- Born: Albert Leslie Willetts 22 February 1900 Devonport, Auckland, New Zealand
- Died: 23 May 1979 (aged 79) Laingholm, Auckland, New Zealand
- Other name: Trotter
- Occupations: Sailor Boat designer Boat builder

= Albert Willetts =

New Zealand yacht designer

Albert Leslie Willetts (22 February 1900 – 23 May 1979) was a notable New Zealand yacht designer, builder, and racer. Along with his brother, William Willetts, he won numerous yachting trophies in New Zealand during the 1920s and 1930s.

==Biography==
Willetts was born in Devonport, Auckland, New Zealand on 22 February 1900, one of ten children of Arthur Willetts and his wife Sybil . Arthur Willetts worked in the boat-building industry as a designer and foreman at a shipyard. Albert Willetts, who was nicknamed Trotter for the manner of his walk, was educated at local schools and became involved in yachting, along with his brother, William.

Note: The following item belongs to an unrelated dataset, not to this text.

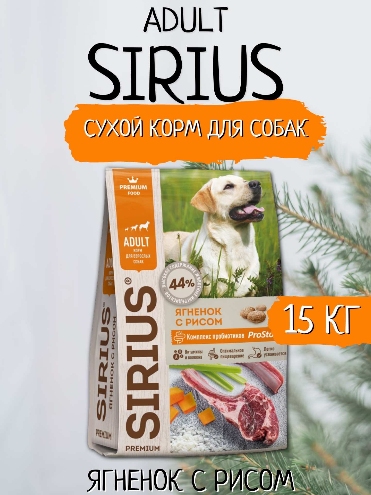 Корм сухой Sirius для собак, ягненок и рис, 15 кг

He worked as a cabinet maker but also designed and built numerous yachts, ranging from 14-foot X and Y class vessels to 18-foot V class yachts. He sailed competitively, winning New Zealand's premier competition for small yachts, the Sanders Memorial Cup, in 1924, 1929 and in 1947. In the 1930s, he switched to larger boats. In 1938, he built and sailed Irena in that year's World’s 18-Footer Championship, which took place in Sydney, Australia. The Irena finished 5th overall, the best performing of the four New Zealand yachts that entered the competition.

He died at Laingholm, near Auckland, on 23 May 1979. He was survived by two daughters; his wife, Vera , whom he had married in 1922, had predeceased him.